An array of vectors over time gives you the range vector.
Syntactically, you get a range vector when you query an instant vector and append a time selector such as [5m].

> prometheus_http_requests_total{code="200"}[5m]
prometheus_http_requests_total{code="200", container="prometheus", endpoint="web", handler="/-/ready", instance="192.168.128.4:9090", job="test-kube-prometheus-st-prometheus", namespace="test-system", pod="prometheus-test-kube-prometheus-st-prometheus-0", service="test-kube-prometheus-st-prometheus"}
845014 @1641194293.637
845020 @1641194323.637
845026 @1641194353.637
845032 @1641194383.637
845038 @1641194413.637
845044 @1641194443.637
845050 @1641194473.637
845056 @1641194503.637
845062 @1641194533.637
845068 @1641194563.637
prometheus_http_requests_total{code="200", container="prometheus", endpoint="web", handler="/-/reload", instance="192.168.128.4:9090", job="test-kube-prometheus-st-prometheus", namespace="test-system", pod="prometheus-test-kube-prometheus-st-prometheus-0", service="test-kube-prometheus-st-prometheus"}
6 @1641194293.637
6 @1641194323.637
6 @1641194353.637
6 @1641194383.637
6 @1641194413.637
6 @1641194443.637
6 @1641194473.637
6 @1641194503.637
6 @1641194533.637
6 @1641194563.637
.....

4.3 Reference

5 Prometheus expression browser

It's available at http://localhost:9090/graph

PromQL query language can return four data types.

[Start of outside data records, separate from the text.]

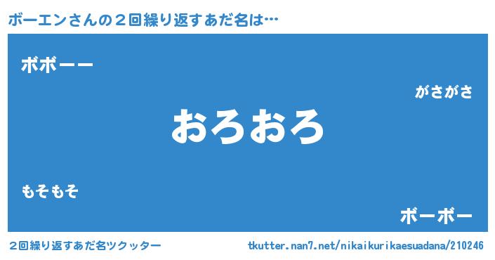 | 女子向けラノベタイトル風あだ名 | 『ボーエンの卵を拾いまして』 |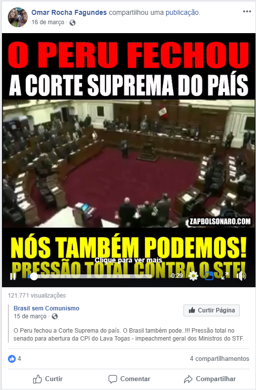 Em outra, ele compartilha uma postagem com a seguinte afirmação “O Peru fechou a corte suprema do país. Nós também podemos! Pressão total contra o STF”.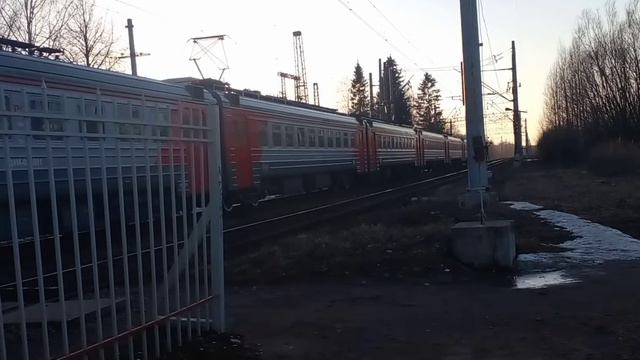 "На закате!" Электропоезд ЭД4М-0255 на станции Старый Петергоф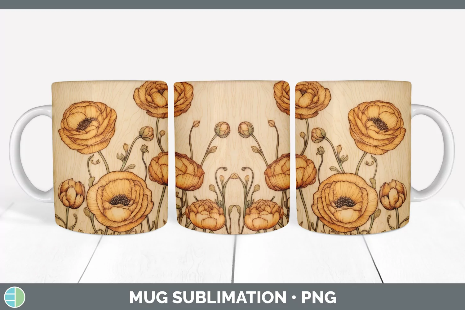 Wood Burned Ranunculus Flowers Mug Wrap | Sublimation Coffee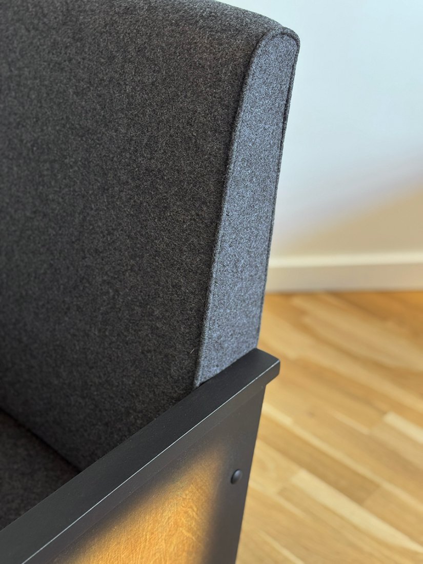 Siedzisko i oparcie tapicerowane są tkaniną Blazer firmy Camira - wysokogatunkową wełną (100%) produkowaną w Wielkiej Brytanii. Kolekcja Blazer należy do najbardziej rozpoznawalnych linii tej marki i ceniona jest za trwałość, naturalny skład oraz charakterystyczną, miękką fakturę. Tkanina ta należy do klasy premium i jest szeroko stosowana w wysokiej jakości projektach meblowych oraz architektonicznych.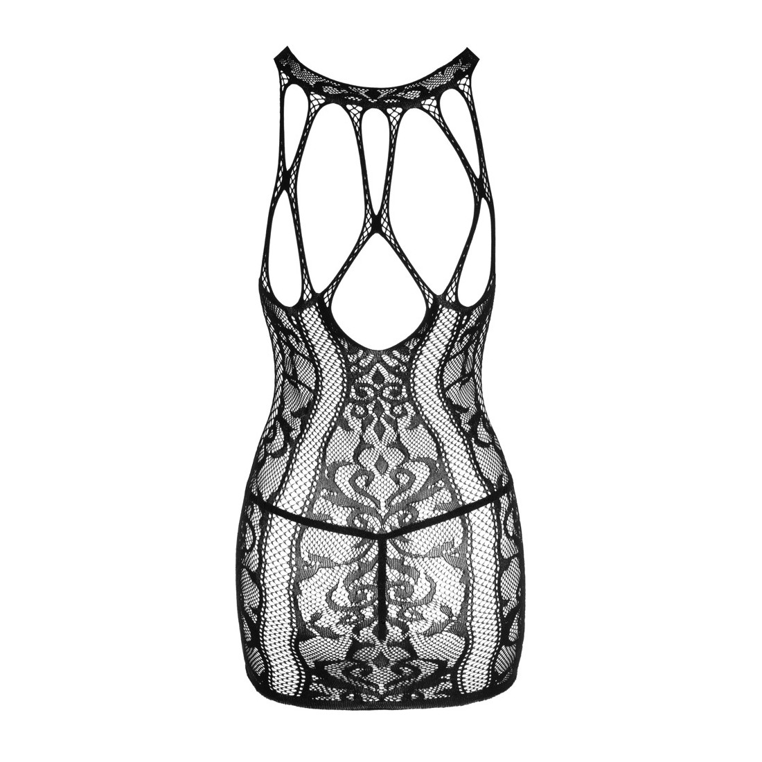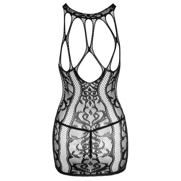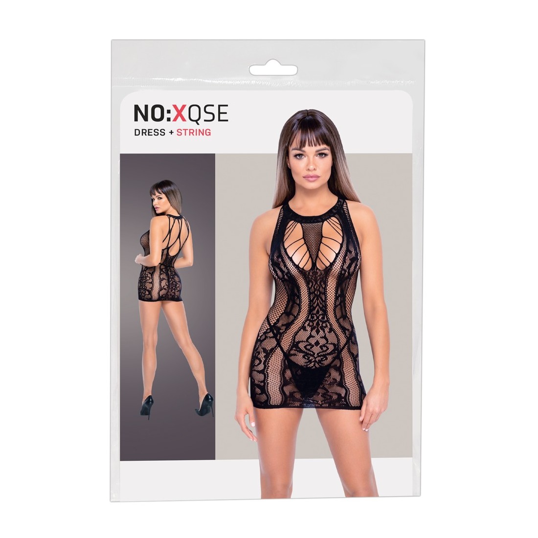 Vestiti in vari look a rete con ornamenti intrecciati di NO:XQSE, compreso il perizoma di pizzo. Tutto fatto senza cuciture e meravigliosamente morbido ed elastico per un alto comfort di vestibilità. Ritagli sul décolleté decorati con fasce elastiche. Look stravagante sul retro fatto di fasce elastiche e rete.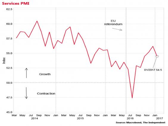 Services, which account for around 80 per cent of UK output, have driven the economy since 2013 and have been almost entirely responsible for the maintenance of GDP momentum since last June's Brexit referendum

One of them is an instant vector: a set of time series containing a single sample for each time series all sharing the same timestamp.

6 Time series aggregation

Examples:

  > sum(promhttp_metric_handler_requests_total) by (job)
  > sum(rate(promhttp_metric_handler_requests_total[5m])) by (job)

The rate() function calculates the per second average rate of increase of the time series in the range. This function should only be used with counters.

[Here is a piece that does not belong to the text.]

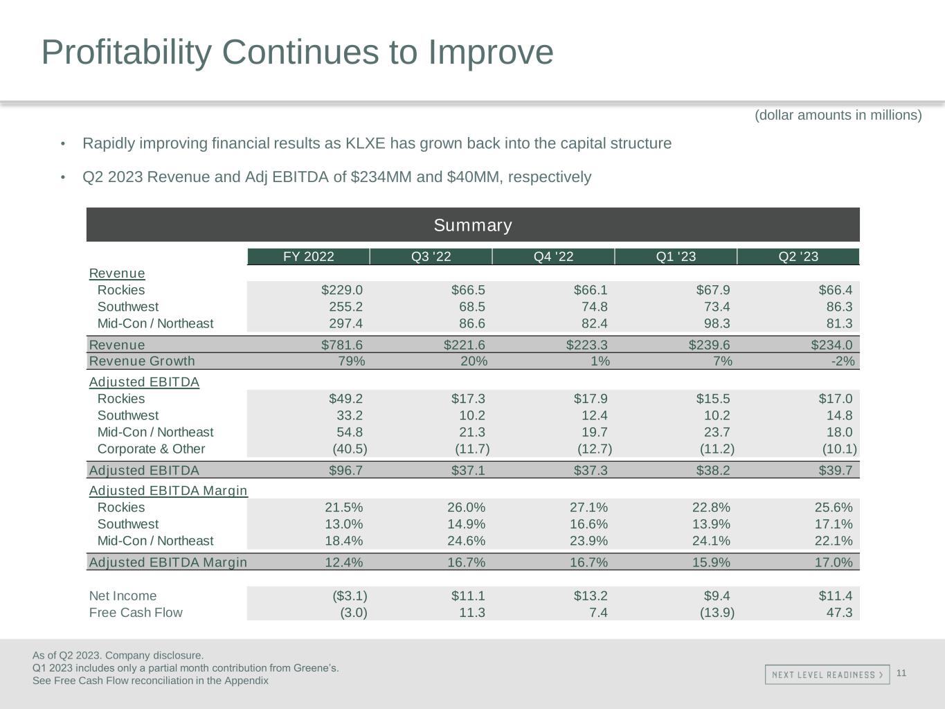 9 Greene’s Acquisition Case Study Cost Synergies ▪ Identified $2.0MM to $3.0MM recurring cost synergies ▪ Expect to realize savings within 12 months of transaction closing Accretive ▪ Expect the transaction to be accretive across all key metrics Deleveraging ▪ Greene’s had zero leverage and $1.7MM of cash at closing ▪ KLXE 2022 Net Leverage Ratio improves to approximately 2.0x and 1.4x based on annualized 2H 2022 results Strategic Fit ▪ Augments KLXE’s frac rentals and flowback/well testing offerings in the Permian and Eagle Ford with the addition of Greene’s proprietary isolation tool and their Eagle Ford flowback and well testing business • On March 8, 2023 KLXE announced the all-stock acquisition of Greene’s Energy Services (“Greene’s”) • Implied enterprise value of approximately $30.3 million based on a 30-day volume weighted average price as of March 7, 2023 and less acquired cash • Greene’s generated 2022 Revenue and Adj EBITDA of $69.0MM and $14.7MM, respectively and expected full year 2023P Revenue and Adj EBITDA ranges of $70MM to $75MM and $18MM to $20MM, respectively

Range vectors are a second PromQL data type containing a set of time series with a range of data points over time for each time series.

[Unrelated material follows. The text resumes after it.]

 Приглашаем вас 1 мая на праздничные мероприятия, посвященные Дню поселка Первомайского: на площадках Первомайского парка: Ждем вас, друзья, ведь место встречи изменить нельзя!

The duration of the range is enclosed in [] and has an integer value followd by a unit abbreviatin:

s for seconds
m for minutes
h for hours
d for days
w for weeks
y for years

So here [5m] is a five minute range.

The two other data types are Scalars, numeric floating point values and Strings which is currently unused.

7 Capacity planning

7.1 Memory

Rule of thumb: multiple the number of samples being collected per second by the size of the samples.

Promtail query for above:

> rate(prometheus_tsdb_head_samples_appended_total[1m])

The query will show per second rate of samples being added to the database over last minute.

7.2 Disk

By default, metrics are stored for 15 days in the local time series database.